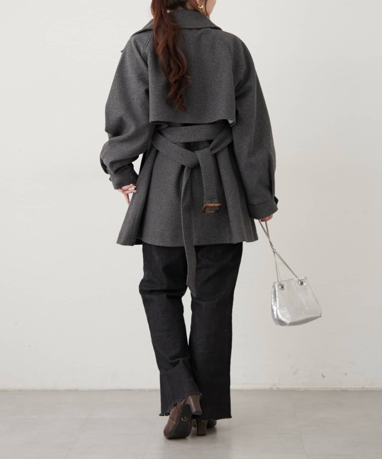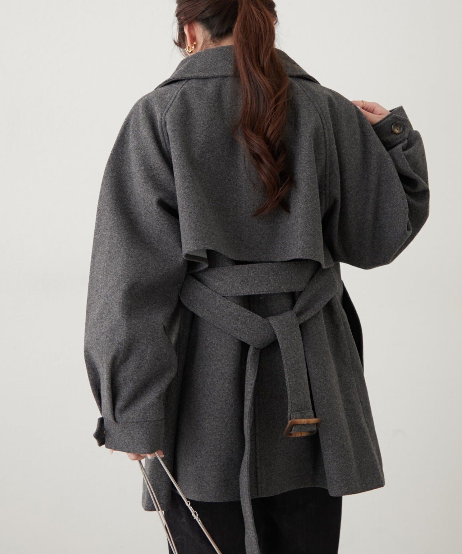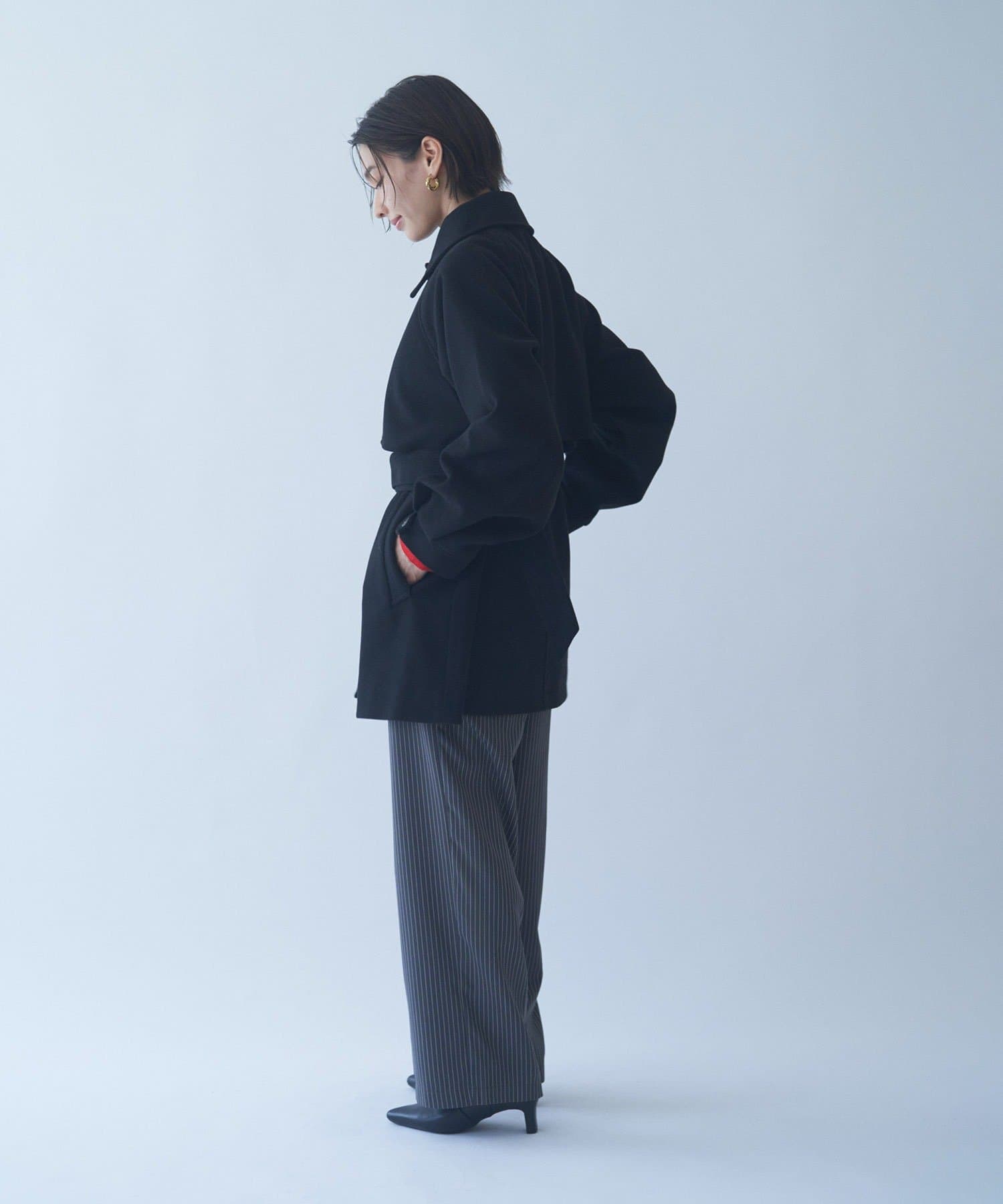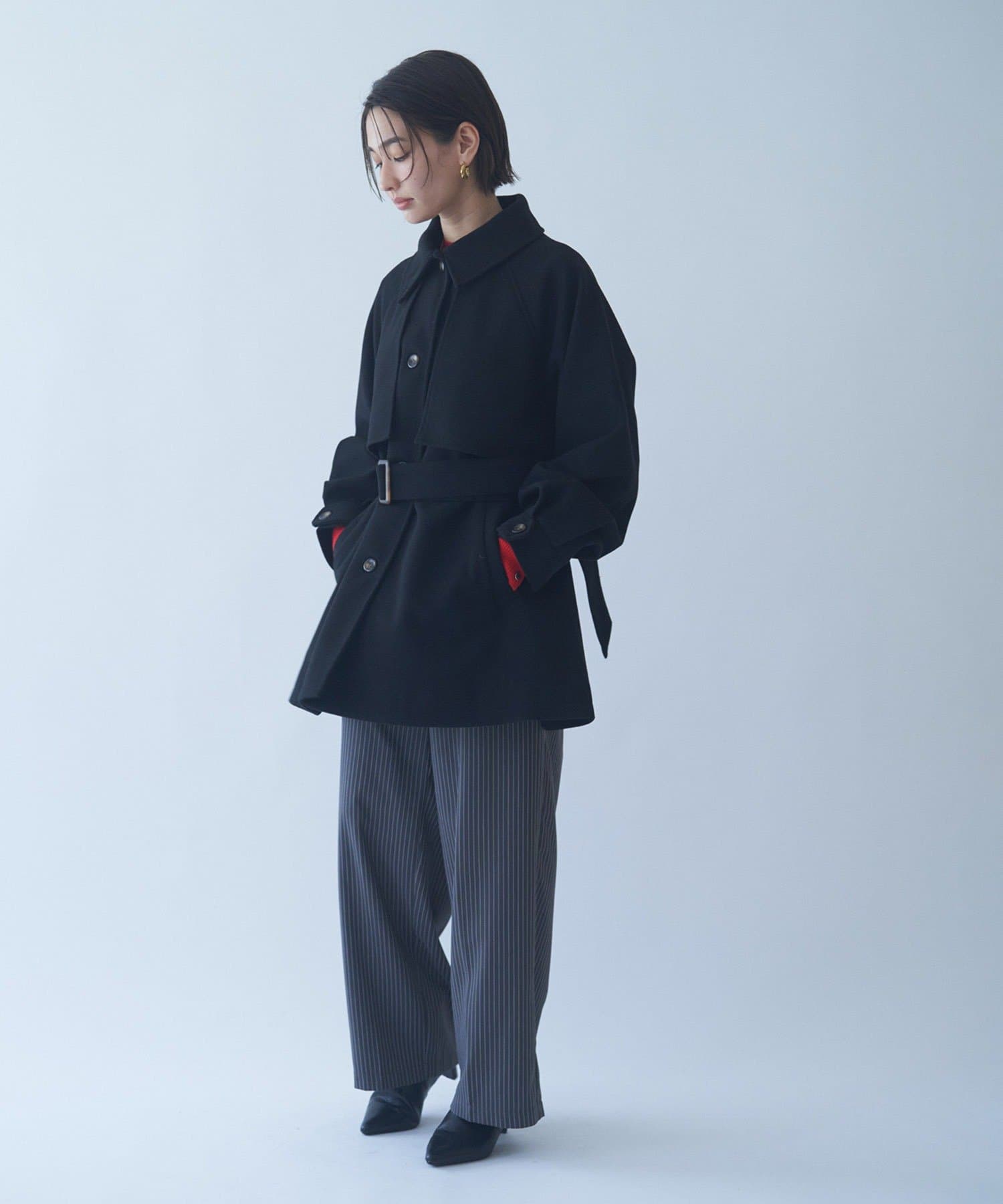 ・襟アレンジで印象を変えて楽しめるミドル丈コート
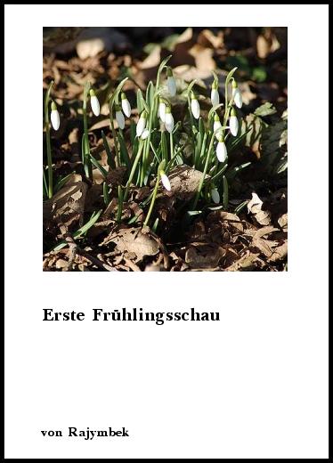 | Rajymbek Re: - Zitat: (Original von mukk am 06.03.2011 - 11:45 Uhr) ja,die zarten kleinen Glöckchen sind eine der ersten und erfreuen uns ganz besonders. Habe sie vor einigen Tagen auch fotografiert, Auch ein Entenpaar - sie haben mir aber ihre Namen nicht zugeflüstert, schade... mit lieben Frühlingsgrüßen aus dem kalten Wien! ingrid Noch ist es kühl, doch spürt man leise des Frühlings Flüstern ringumher... VLG Roland |
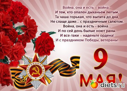 9 мая — день Победы, день памяти о подвигах и самопожертвовании... Пусть никогда больше голубое небо не чернеет и земля не содрогается от ударов. Желаю мира и добра! Всех с праздником!!!
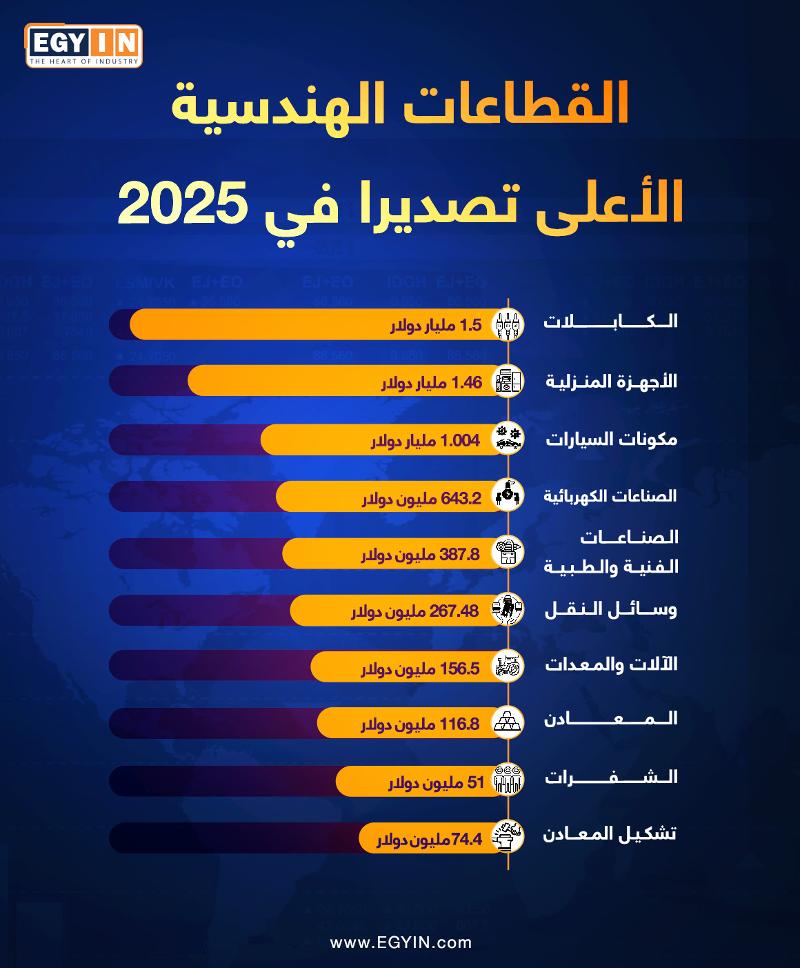 القطاعات الهندسية الأعلى تصديرًا في 2025
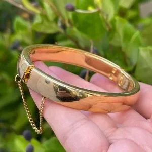 Gold tone oval hinged bangle bracelet
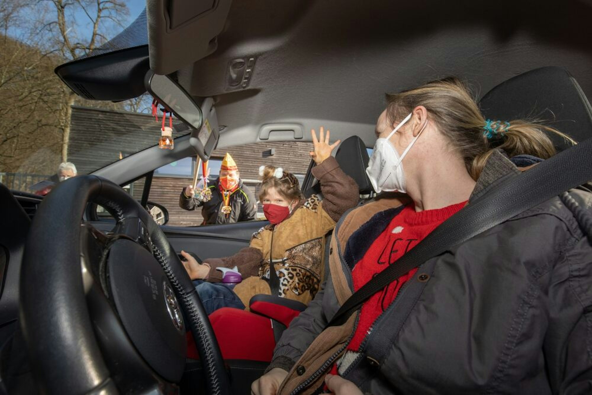 Für die Kinder gab’s Kamelle dazu, für die großen Vereinsmitglieder einen Likör. Franka (8) (im Steinzeitkostüm) freute sich ebenso so jeck wie Egon Baumgart (mit roter Nase vor der Maske) über den Orden, der ihnen durchs Fenster gereicht wurde.
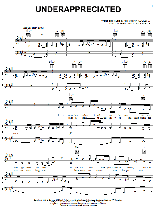 Download or print Christina Aguilera Underappreciated sheet music, chords and digital score arranged for Piano, Vocal & Guitar Chords (Right-Hand Melody). This Pop score includes 6 page(s).
------
▶ _Work required_
Reproduce the data above verbatim, minus any images.

▶ _Answer section_
 ・襟アレンジで印象を変えて楽しめるミドル丈コート
 | Rajymbek Re: - Zitat: (Original von mukk am 06.03.2011 - 11:45 Uhr) ja,die zarten kleinen Glöckchen sind eine der ersten und erfreuen uns ganz besonders. Habe sie vor einigen Tagen auch fotografiert, Auch ein Entenpaar - sie haben mir aber ihre Namen nicht zugeflüstert, schade... mit lieben Frühlingsgrüßen aus dem kalten Wien! ingrid Noch ist es kühl, doch spürt man leise des Frühlings Flüstern ringumher... VLG Roland |
 9 мая — день Победы, день памяти о подвигах и самопожертвовании... Пусть никогда больше голубое небо не чернеет и земля не содрогается от ударов. Желаю мира и добра! Всех с праздником!!!
 القطاعات الهندسية الأعلى تصديرًا في 2025
 Gold tone oval hinged bangle bracelet
 Für die Kinder gab’s Kamelle dazu, für die großen Vereinsmitglieder einen Likör. Franka (8) (im Steinzeitkostüm) freute sich ebenso so jeck wie Egon Baumgart (mit roter Nase vor der Maske) über den Orden, der ihnen durchs Fenster gereicht wurde.
 Download or print Christina Aguilera Underappreciated sheet music, chords and digital score arranged for Piano, Vocal & Guitar Chords (Right-Hand Melody). This Pop score includes 6 page(s).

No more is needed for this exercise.